— Supplied records —

▶

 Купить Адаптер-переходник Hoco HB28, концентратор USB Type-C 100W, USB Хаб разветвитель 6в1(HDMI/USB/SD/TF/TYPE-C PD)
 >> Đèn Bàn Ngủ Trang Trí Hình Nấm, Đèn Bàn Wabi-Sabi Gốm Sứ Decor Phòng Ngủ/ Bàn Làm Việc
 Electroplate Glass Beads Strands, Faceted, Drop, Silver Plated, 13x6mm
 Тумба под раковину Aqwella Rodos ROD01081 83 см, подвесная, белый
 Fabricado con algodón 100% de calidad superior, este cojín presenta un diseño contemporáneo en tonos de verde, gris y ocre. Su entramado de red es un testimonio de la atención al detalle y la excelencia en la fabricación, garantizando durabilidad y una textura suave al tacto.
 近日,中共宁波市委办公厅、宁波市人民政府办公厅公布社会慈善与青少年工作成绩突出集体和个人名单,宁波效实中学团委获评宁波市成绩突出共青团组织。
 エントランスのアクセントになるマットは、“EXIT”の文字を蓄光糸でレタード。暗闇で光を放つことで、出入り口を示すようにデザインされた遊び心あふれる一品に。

◀
▶

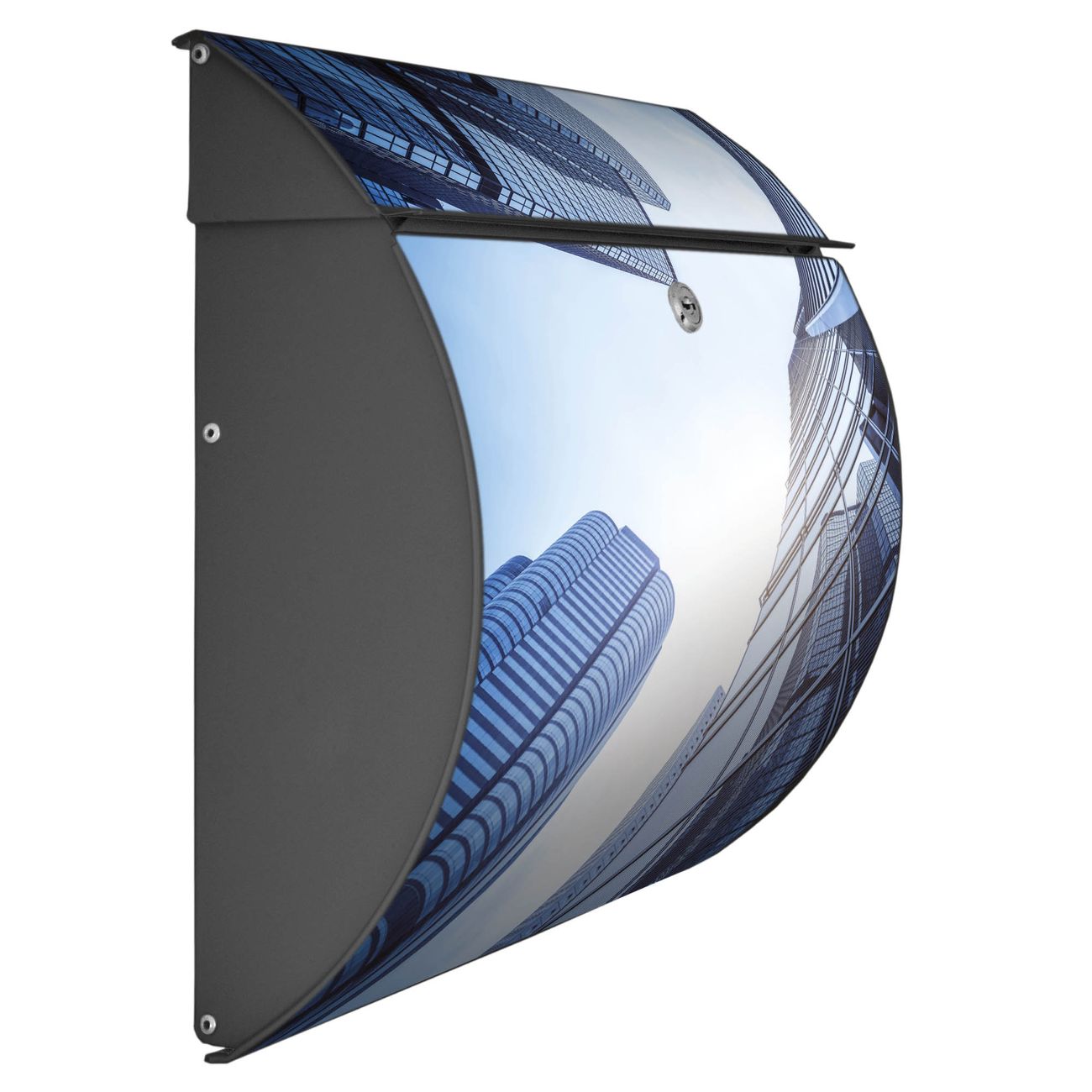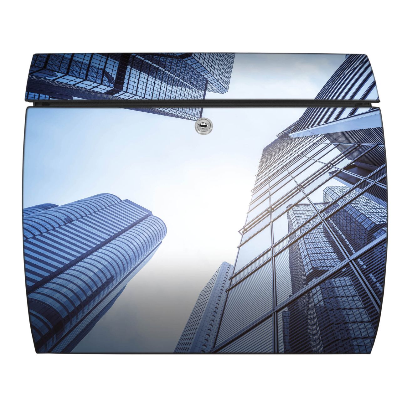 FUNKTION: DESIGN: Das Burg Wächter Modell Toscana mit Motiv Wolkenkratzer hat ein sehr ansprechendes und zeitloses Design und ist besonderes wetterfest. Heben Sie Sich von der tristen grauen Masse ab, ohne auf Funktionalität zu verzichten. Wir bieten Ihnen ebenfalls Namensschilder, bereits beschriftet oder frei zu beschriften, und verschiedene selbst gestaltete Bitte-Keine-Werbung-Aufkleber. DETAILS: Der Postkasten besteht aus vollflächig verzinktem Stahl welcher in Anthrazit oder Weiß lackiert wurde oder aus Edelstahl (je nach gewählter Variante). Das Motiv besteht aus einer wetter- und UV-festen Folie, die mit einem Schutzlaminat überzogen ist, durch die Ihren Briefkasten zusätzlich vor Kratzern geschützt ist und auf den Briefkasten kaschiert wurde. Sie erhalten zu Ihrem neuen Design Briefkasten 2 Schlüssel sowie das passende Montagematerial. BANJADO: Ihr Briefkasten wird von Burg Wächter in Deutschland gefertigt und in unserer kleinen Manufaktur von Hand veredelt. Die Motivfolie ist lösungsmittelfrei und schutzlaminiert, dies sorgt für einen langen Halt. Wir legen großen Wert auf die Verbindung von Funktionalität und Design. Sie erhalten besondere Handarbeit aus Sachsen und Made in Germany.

◀
▶

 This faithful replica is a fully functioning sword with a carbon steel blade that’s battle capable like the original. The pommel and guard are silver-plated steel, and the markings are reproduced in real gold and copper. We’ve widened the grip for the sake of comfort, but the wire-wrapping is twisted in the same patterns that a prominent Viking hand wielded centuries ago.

◀

— Problem to solve —
The required answer is the run of lines above, starting at the line with "Тумба под раковину" and ending at the line with "エントランスのアクセントにな", reproduced exactly with both ends.

— Exercise response —
 Тумба под раковину Aqwella Rodos ROD01081 83 см, подвесная, белый
 Fabricado con algodón 100% de calidad superior, este cojín presenta un diseño contemporáneo en tonos de verde, gris y ocre. Su entramado de red es un testimonio de la atención al detalle y la excelencia en la fabricación, garantizando durabilidad y una textura suave al tacto.
 近日,中共宁波市委办公厅、宁波市人民政府办公厅公布社会慈善与青少年工作成绩突出集体和个人名单,宁波效实中学团委获评宁波市成绩突出共青团组织。
 エントランスのアクセントになるマットは、“EXIT”の文字を蓄光糸でレタード。暗闇で光を放つことで、出入り口を示すようにデザインされた遊び心あふれる一品に。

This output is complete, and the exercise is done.